A brisk breeze carried us further into the shady cove.
"Looks like Small Mouth territory," Jerry declared, "It's jitterbug time, " he smiled, as he attached his favorite lure for top water fishing.
I watched as he cast his line towards the bank, and cringed, as the many hooked creature, flew over a low hanging branch, hooking into it. Ah Oh, I frowned knowing, some how, I would be involved to remedy this problem.
"Paddle me closer. "
I dug in the paddle pulling forward,
"Stop, hold it right there."
I back paddled, making a Herculean effort to stop our drifting canoe. I felt something brush my arm, but remained intent on jockeying the canoe. After choice words , much tugging, and a final snip, the lure was rescued and reattached.

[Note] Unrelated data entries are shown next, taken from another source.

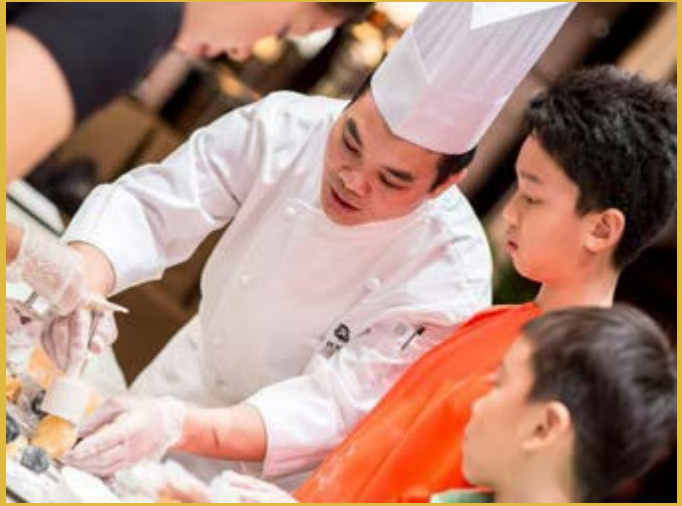
Children gazed in awe as a St. Regis Chef taught them the intricate art of
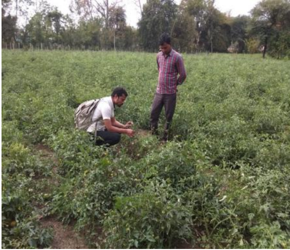
Field visit: informing about diseases and pests
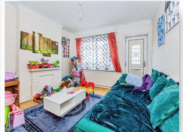
Osborne Road, Wisbech PE13 3JW
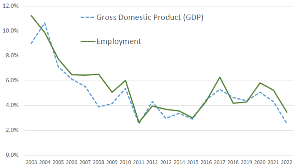
Forest Products Industry Economic Contributions as a proportion of total county economy

3.5% of total county employment -34% from 2021
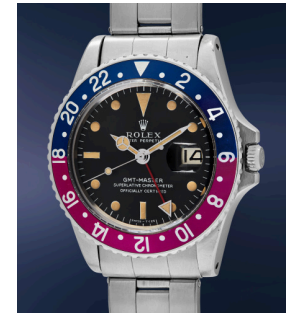
25 Rolex A very fine and well-preserved s... Estimate $12,000 — 24,000
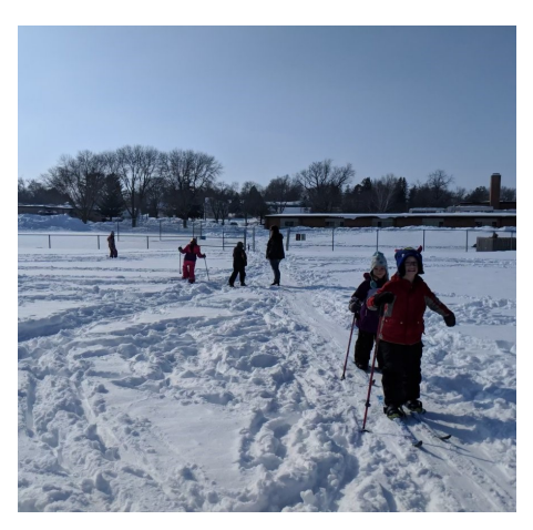
Gr 2 practices cross country skiing in Phy Ed
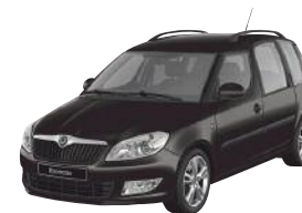
5. Black Magic pearl effect
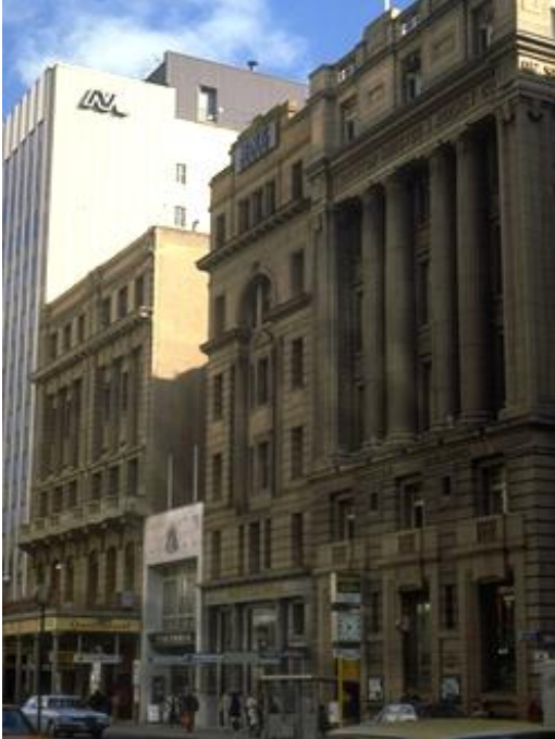
(CD Ref 3974/57)

Tattersalls Club building is a major streetscape element. With the New Zealand Bank building and the Executor Trustee building to the east, it forms part of a significant group.
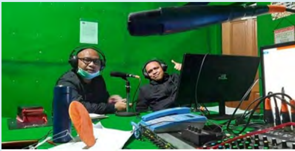
Figure 2: Talks how in Radio about Covid-19.

and Covid-19 command post. Some have handed over aid directly to the Command Post in the form of goods and money. This action activity continued with promotion activities to prevent the spread of Covid-19 continuously through the Ntala Gewang radio media of the Ruteng Diocese Church as shown in Figure 2.
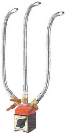
ORDER NO. VMH-65 (3 HOSE) MAGNETIC BASE WITH STEEL NOZZLE
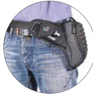
S-312 in Ziv Koren's Hip Sling Configuration

Still watching the Jerry Show, I reach for my new Zebco Silver Edition rod and reel. I looked down and screamed , " It's gone!" My birthday present had dis appeared, knocked into the Tamarak stained waters, during the jitterbug rescue. I felt sick. Just a half hour earlier, I had caught our supper, a handsome, five pound, Small Mouth Bass, He had danced around with me for fifteen minutes.
Now it was gone. We had no ideas how deep the water was, and no desire to dive around looking for it. So I reluctantly said good-by to the best and only rod and reel I ever owned.
We paddled back to camp, in time for me to cook the Bass to lemony perfection, I sealed it in a foil pouch with lemon slices and a liberal sprinkle of lemon pepper, and olive oil. It drew rave reviews, but I mourned my loss!
Morning came and my sweet hubby appeared at the door of our tent. " Morning Sunshine I brought you breakfast in bed,"
I pulled off the napkin and quipped," Northern Pike and scrambled eggs way out here in the boonies!"
I slid out of the tent and sat on a rock mesmerized by the lakes reflected red streaked sunrise, and savored every bite of breakfast.
Jerry's brother, Gene announced, I've got a stringer full of Walleye, I caught yesterday, for our feast tonight."
Walleye, pulled fresh from the deep, cold, boundary waters, had a superb sweet flavor. The Walleye feast was a cherished ritual.
"Let's head to Curtain Falls today, You won't want to miss it," Gene said.
Sue, my sister-n-law, bounced up and down. She was the newbie this trip. Each day brought a fresh adventure.
After paddling so far, I wondered if anyone's arms had ever fallen off.
The roar of the falls said we were near. We rounded the bend to the natural beauty of water sparkling and flowing like a great lace veil or curtain, over an eighty foot drop.
Tears welled in my eyes as I beheld the scene once more. I looked up to see Jerry flick something from his eye, and I thanked God for his provision and his glorious creation.
We pulled out our peanut butter and jelly sandwiches for a quick lunch.
Gene shuttered his eye and looked around, as the wind rose, " I think we need to move towards camp."
We launched the canoes and four paddles dug in deep and fast. In a mile or so the storm hit with, thunder, lightening. Then hail, the size of mothballs, pelted down, The wind whipped the waves ever higher. I paddled and prayed giving thanks for life vests. I was sure any moment we'd be thrown into the deep.
Four grateful campers scurried through rain, unzipped tents, and dived in.
The storm sputtered out. When we came out, Gene was frowning.
"What's wrong?" Jerry asked.
Gene held up the empty stringer. "How does macaroni and cheese sound for supper?"
Leaving the boundary waters required several portages, then a motorboat ride to another portage where an old school bus takes you over mountain.
Two, fifty something, lady campers, sat facing me on the bus.
"How was your trip?" I asked.
One lady shook her head and said,
"Zip, zip zip," as she motioned pulling a tent zipper.
The other grinned, and said,"Lead me to a steak dinner."
"Tired of fish?" I asked.
She frowned and made the universal sign for gag me with a spoon.
I feigned sympathy.
"Thank you, Lord, for my love of a simple fish meal. Come to think of it, that was your specialty."